- _Task item_:
Reproduce the records exactly, but not the pictures.

··· The input

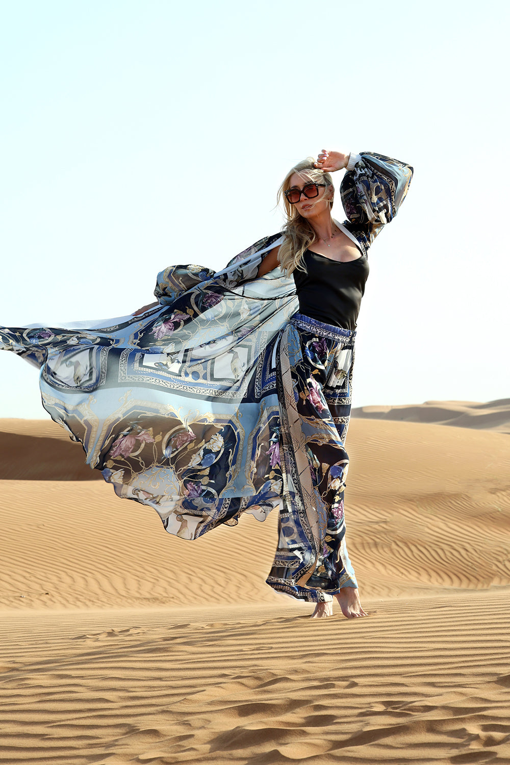 Made from sheer, lightweight chiffon, our Ducks Print Wrap Dress Kimono is a true masterpiece. It combines elegance and drama seamlessly, thanks to its billowing sleeves and the large self-tie around the waist. The kimono drapes gracefully, exuding femininity and capturing attention wherever you go.
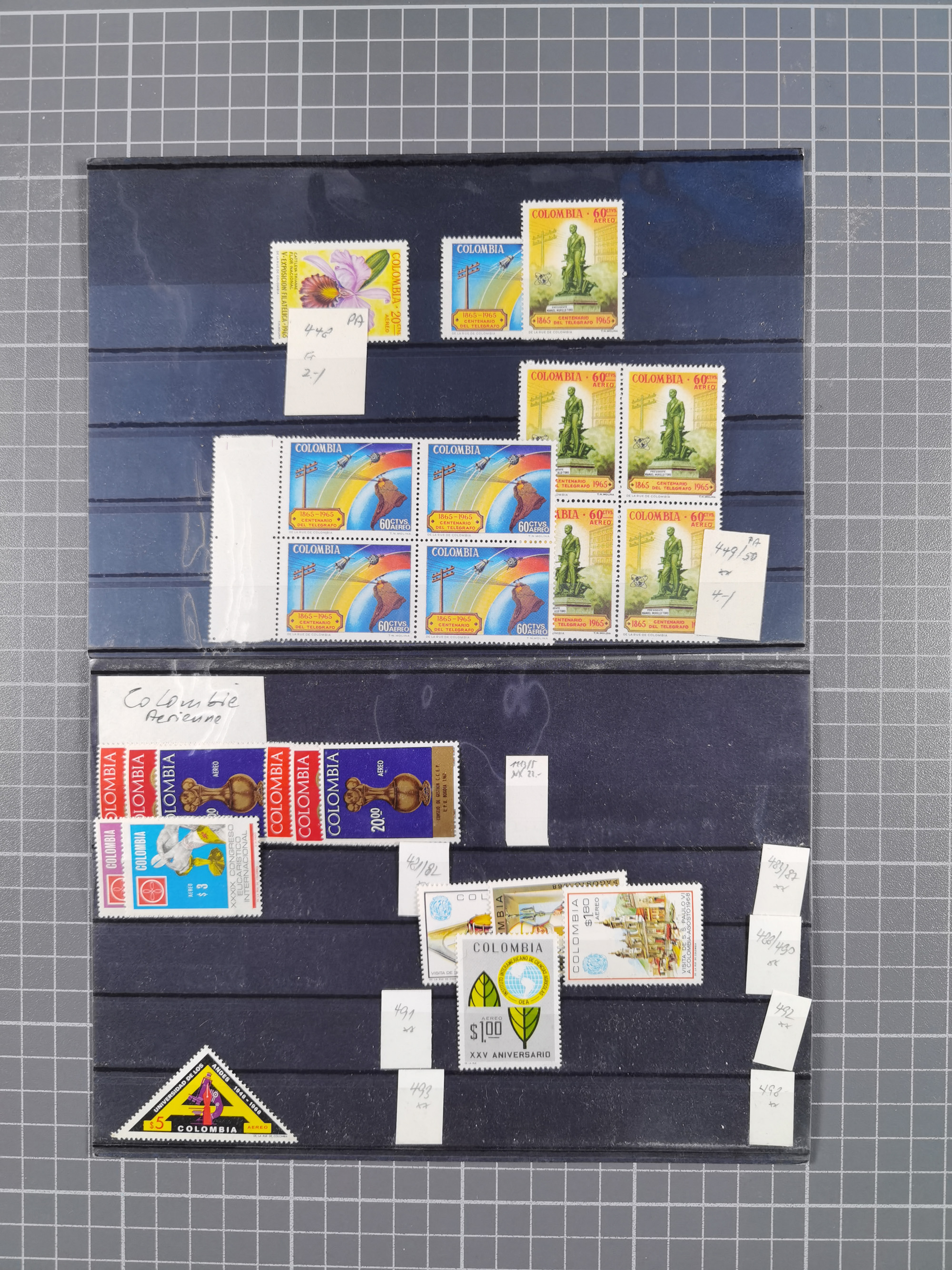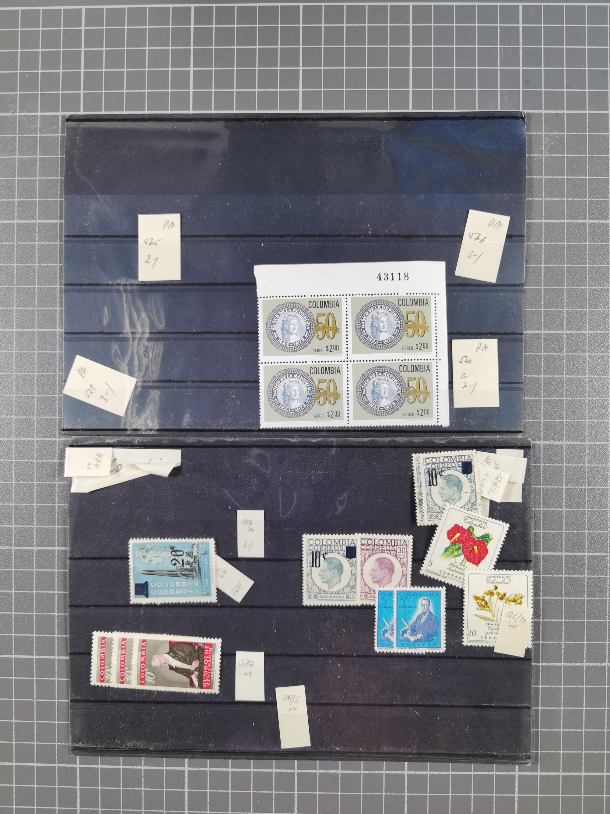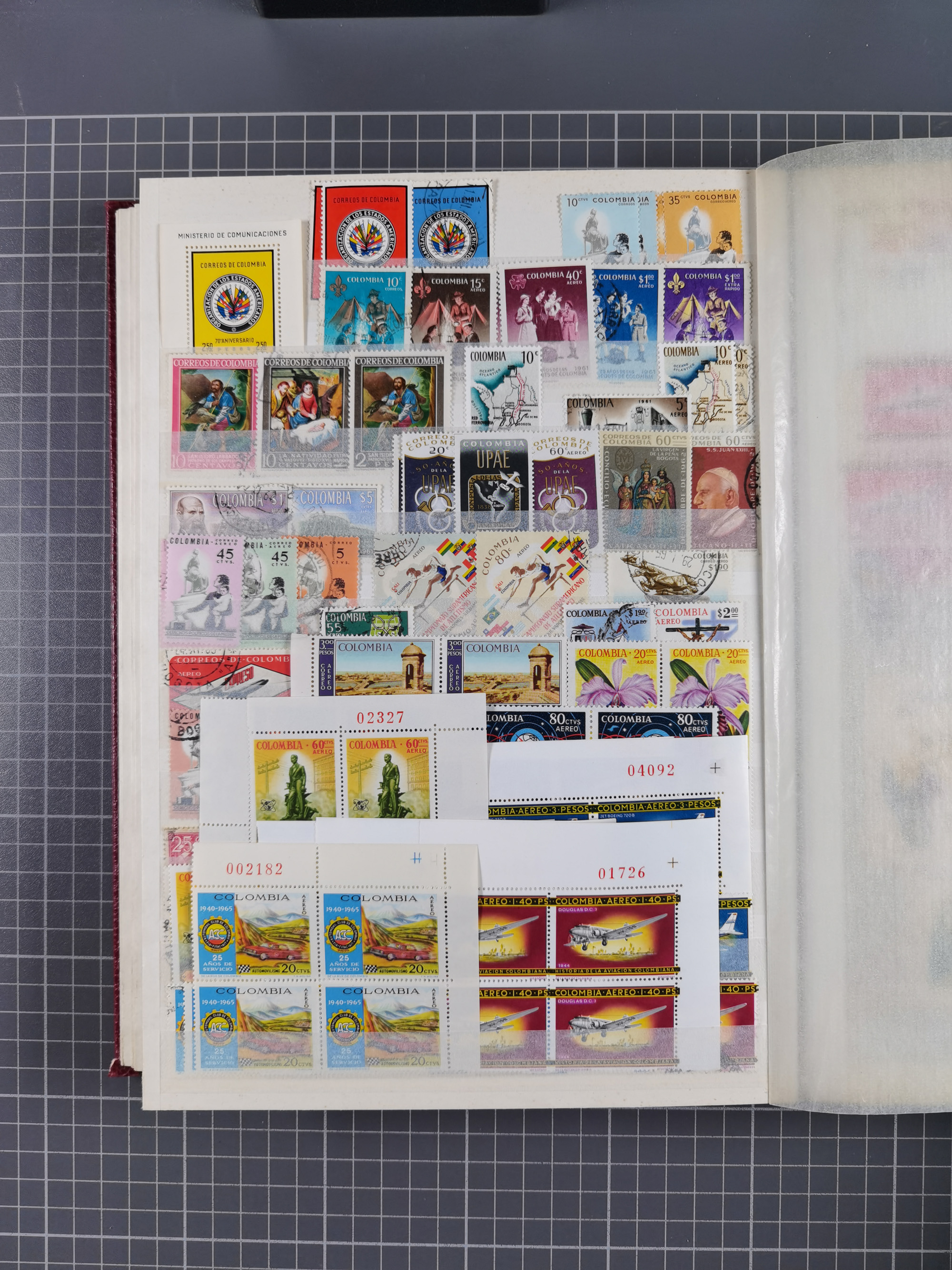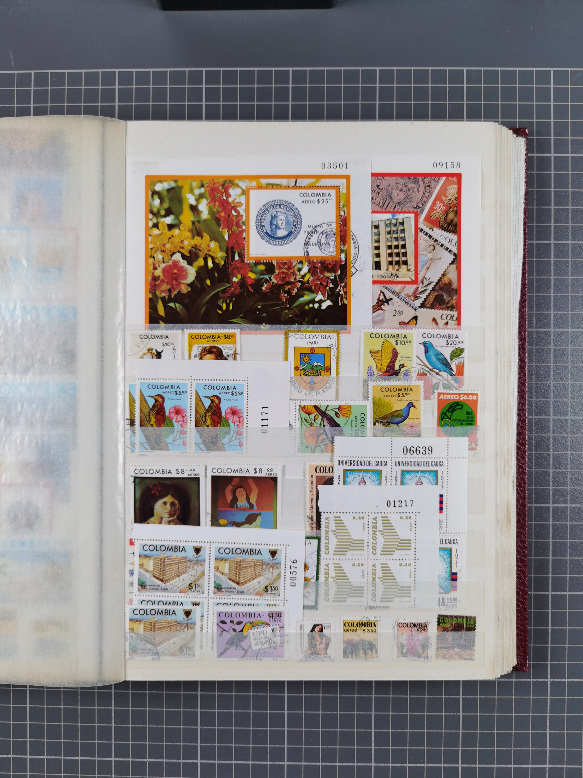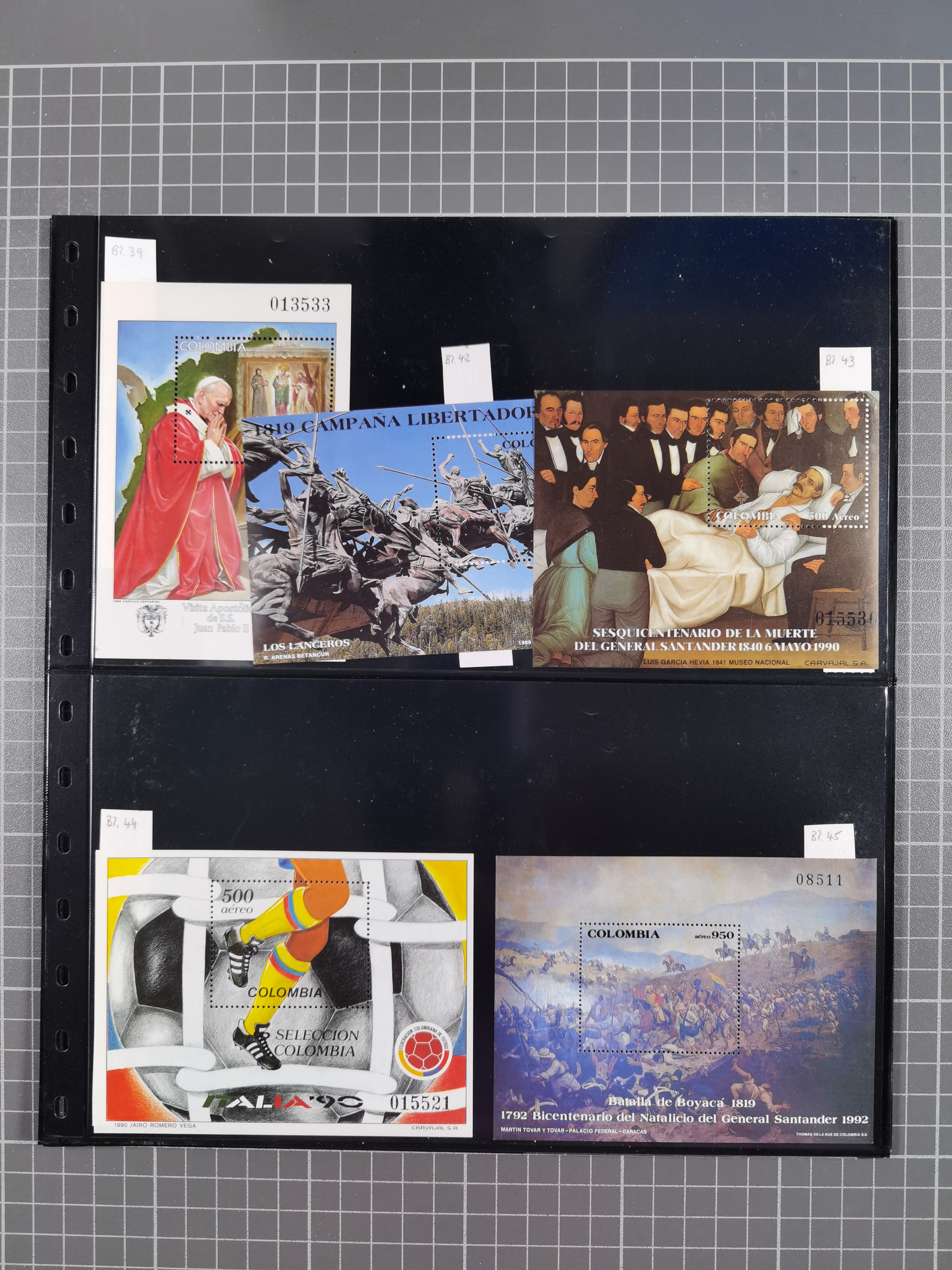 1917, Camilo Torres 1 c., plate proofs in black, green, sepia and orange, each in block of ten without gum, the orange block with horizontal crease affecting the bottom row, the sepia one toned and a few minor faults, otherwise fine, scarce assembly
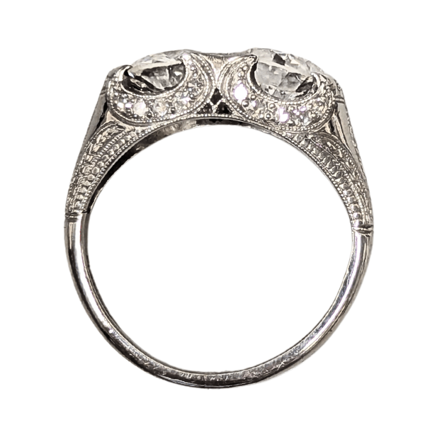 Platinum hand engraved two stone ring with a .84 carat M color VS1 clarity old european cut diamond and a .97 carat H color VS2 diamond. there are 20 single cut diamonds that total .10 carats H color VS2 clarity
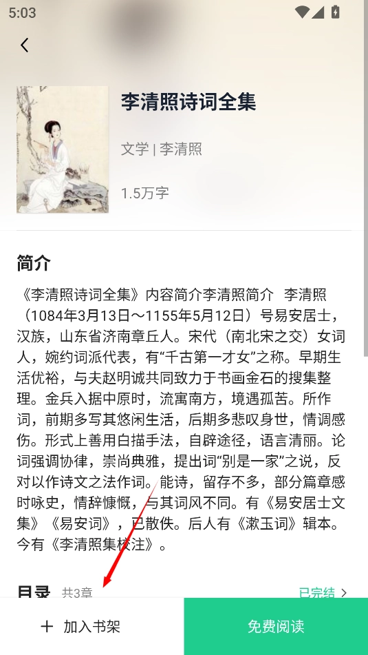 2、进入详细的页面后点击“加入书架”即可
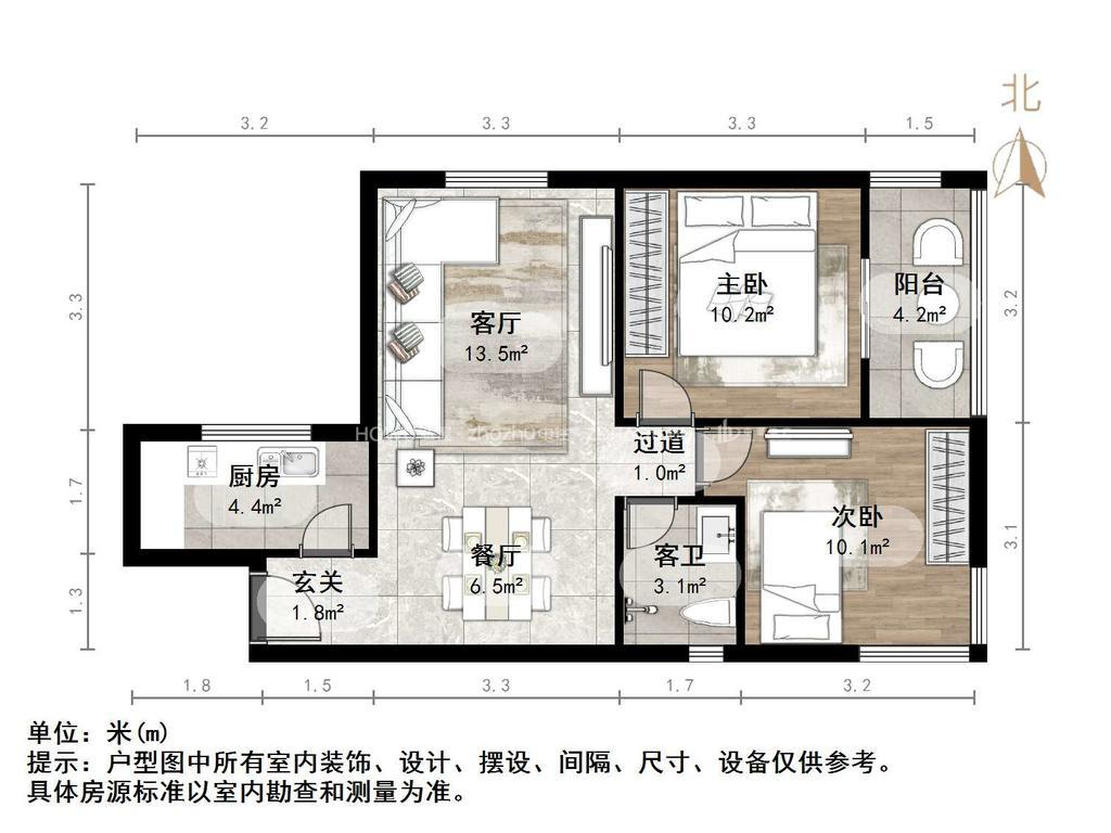 朝向南北 建筑面积78㎡

······

- _Response for this exercise_:
 Made from sheer, lightweight chiffon, our Ducks Print Wrap Dress Kimono is a true masterpiece. It combines elegance and drama seamlessly, thanks to its billowing sleeves and the large self-tie around the waist. The kimono drapes gracefully, exuding femininity and capturing attention wherever you go.
 1917, Camilo Torres 1 c., plate proofs in black, green, sepia and orange, each in block of ten without gum, the orange block with horizontal crease affecting the bottom row, the sepia one toned and a few minor faults, otherwise fine, scarce assembly
 Platinum hand engraved two stone ring with a .84 carat M color VS1 clarity old european cut diamond and a .97 carat H color VS2 diamond. there are 20 single cut diamonds that total .10 carats H color VS2 clarity
 2、进入详细的页面后点击“加入书架”即可
 朝向南北 建筑面积78㎡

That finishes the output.